A common strategy starts with positioning left at the beginning and right at the end of the iterable, gradually moving them towards each other. This approach is particularly useful for problems that require examining elements from opposite ends and moving inward.
Consider the following steps to employ this strategy:
Initialize left at the starting index (0) and right at the last index (length - 1). Loop with a while condition where left < right, ensuring the pointers meet or cross. Inside the loop, perform necessary checks or operations and then decide whether to increment left, decrement right, or both, based on the problem’s requirements.

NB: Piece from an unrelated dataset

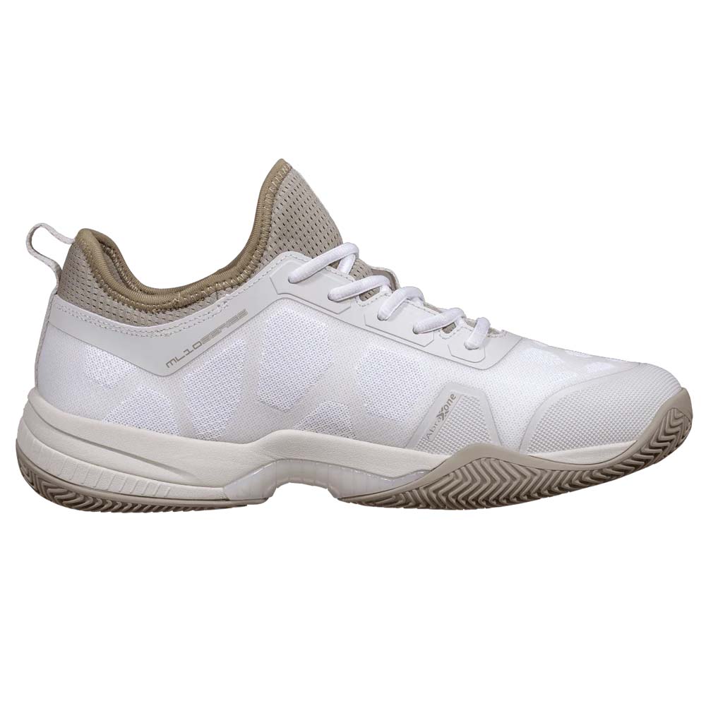 Core Performance Technologies – Advanced Gravity Geometry (AGG): An increased heel-to-toe drop that primes the player for a quick start and reduces the risk of calf injuries by lowering muscle load. – Lateral Support: An expanded sole surface area that provides a stable foundation, specifically designed to prevent ankle twisting during lateral cuts. – Optimal Grip Sole: A hybrid herringbone and stud pattern that ensures versatile traction across all types of padel court surfaces.
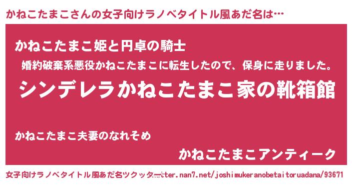 | 胡散臭い通販商品みたいなあだ名 | 『必ず成功する霊験あらたかなお札…その名も「かねこたまこ」』 |

Here’s a simple illustration in pseudocode:
void twoPointersTechnique(int[] array) {
int left = 0;
int right = array.length - 1;
while (left < right) {
// Perform necessary operations and checks
// Update pointers as needed
left++;
right--;
}
}The power of this technique is that never have more than O(n) iterations for the while loop, because the pointers start n away from each other and move at least one step closer in every iteration. Therefore, if we can keep the work inside each iteration at O(1), this technique will result in a linear runtime, which is usually the best possible runtime. Now, let’s proceed to explore some practical applications of this approach.
Practical Examples
Example 1: Palindrome Check
A classic application of the Two Pointers method is in checking whether a given string is a palindrome. This involves comparing characters from both ends of the string, moving inward.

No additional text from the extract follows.